0
0
PyTorchml~5 mins

Gradient accumulation in PyTorch

Choose your learning style9 modes available
Introduction
Gradient accumulation helps train models with large batch sizes by splitting them into smaller steps, saving memory and keeping training stable.
When your computer's memory is too small to handle a large batch at once.
When you want to simulate training with a big batch but only have resources for smaller batches.
When training large models that need stable updates but limited GPU memory.
When you want to improve training stability by averaging gradients over several mini-batches.
Syntax
PyTorch
optimizer.zero_grad()
for i, data in enumerate(dataloader):
    outputs = model(data.inputs)
    loss = loss_function(outputs, data.labels) / accumulation_steps
    loss.backward()
    if (i + 1) % accumulation_steps == 0:
        optimizer.step()
        optimizer.zero_grad()
Divide the loss by the number of accumulation steps to average gradients correctly.
Call optimizer.step() only after accumulating gradients over several mini-batches.
Examples
Accumulate gradients over 4 mini-batches before updating model weights.
PyTorch
accumulation_steps = 4
optimizer.zero_grad()
for i, (inputs, labels) in enumerate(dataloader):
    outputs = model(inputs)
    loss = criterion(outputs, labels) / accumulation_steps
    loss.backward()
    if (i + 1) % accumulation_steps == 0:
        optimizer.step()
        optimizer.zero_grad()
Here, gradients are accumulated over 2 batches to simulate a larger batch size.
PyTorch
accumulation_steps = 2
optimizer.zero_grad()
for i, batch in enumerate(dataloader):
    inputs, targets = batch
    outputs = model(inputs)
    loss = loss_fn(outputs, targets) / accumulation_steps
    loss.backward()
    if (i + 1) % accumulation_steps == 0:
        optimizer.step()
        optimizer.zero_grad()
Sample Model
This code trains a simple linear model on random data using gradient accumulation over 4 mini-batches before updating weights. It also handles the last few batches if the dataset size is not divisible by accumulation_steps.
PyTorch
import torch
import torch.nn as nn
import torch.optim as optim
from torch.utils.data import DataLoader, TensorDataset

# Simple dataset
inputs = torch.randn(20, 5)
labels = torch.randn(20, 1)
dataset = TensorDataset(inputs, labels)
dataloader = DataLoader(dataset, batch_size=2)

# Simple model
model = nn.Linear(5, 1)
criterion = nn.MSELoss()
optimizer = optim.SGD(model.parameters(), lr=0.1)

accumulation_steps = 4
optimizer.zero_grad()

for i, (x, y) in enumerate(dataloader):
    outputs = model(x)
    loss = criterion(outputs, y) / accumulation_steps
    loss.backward()
    if (i + 1) % accumulation_steps == 0:
        optimizer.step()
        optimizer.zero_grad()

# Handle the case where the last batch is not a multiple of accumulation_steps
if (i + 1) % accumulation_steps != 0:
    optimizer.step()
    optimizer.zero_grad()

# Check final loss on the dataset
with torch.no_grad():
    preds = model(inputs)
    final_loss = criterion(preds, labels).item()

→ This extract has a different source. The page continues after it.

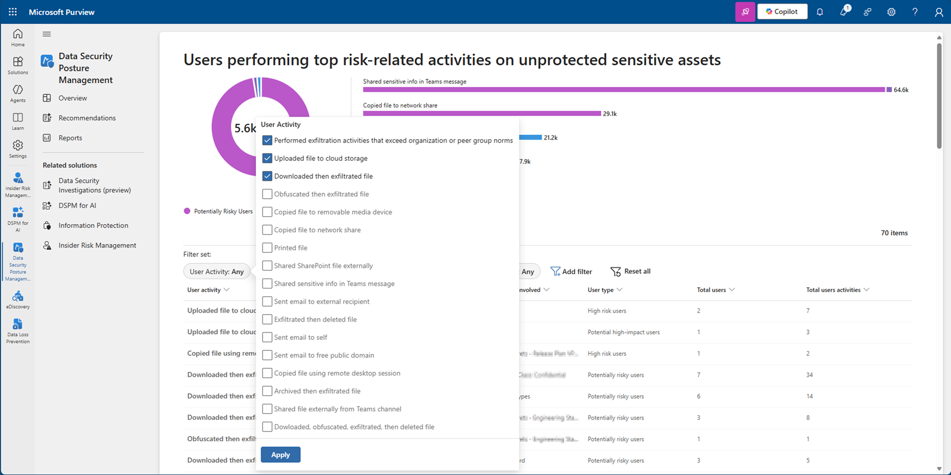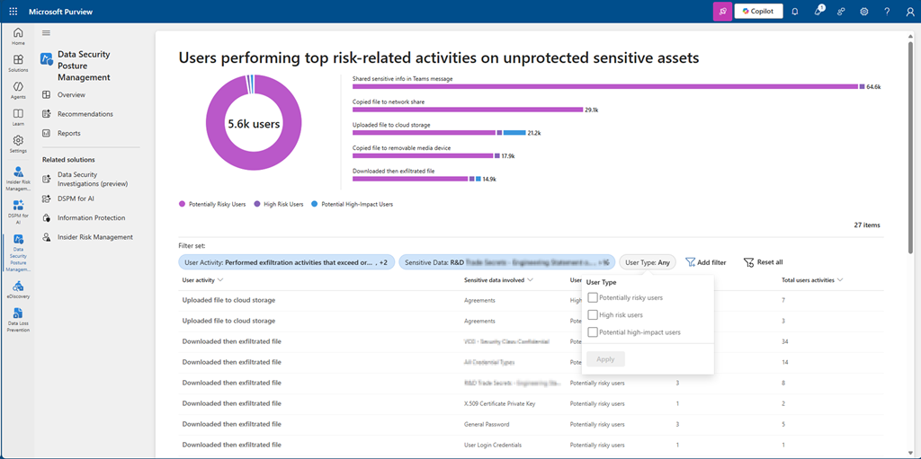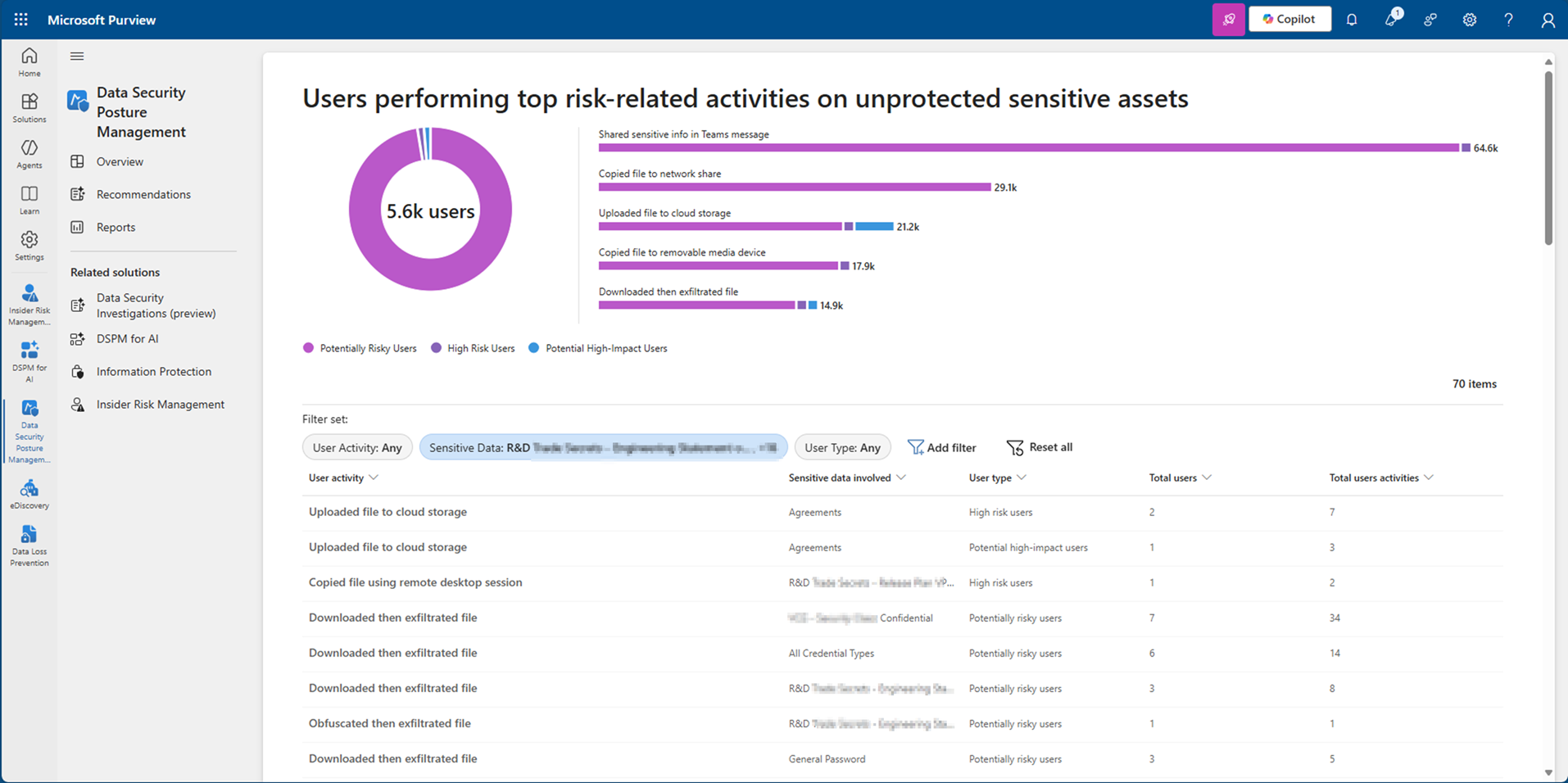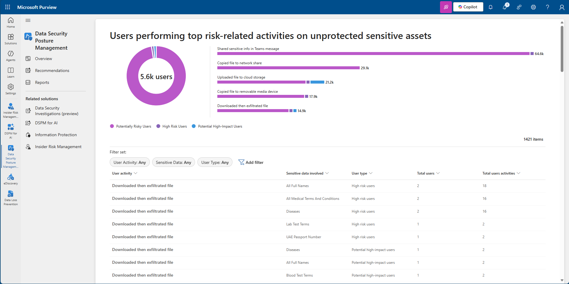 Once DSPM surfaces High-risk users, Potential risky users, or exfiltration activity, Insider Risk Management is the built in tool for investigations but you can also accelerate investigation using Microsoft Security Copilot embedded in Purview.

print(f"Final loss after gradient accumulation: {final_loss:.4f}")
OutputSuccess
Important Notes
Always divide the loss by accumulation_steps to keep gradient scale correct.
Remember to call optimizer.zero_grad() after each optimizer.step() to reset gradients.
If dataset size is not divisible by accumulation_steps, handle the last few batches carefully.
Summary
Gradient accumulation splits a large batch into smaller steps to save memory.
It averages gradients over multiple mini-batches before updating model weights.
Useful for training large models or when GPU memory is limited.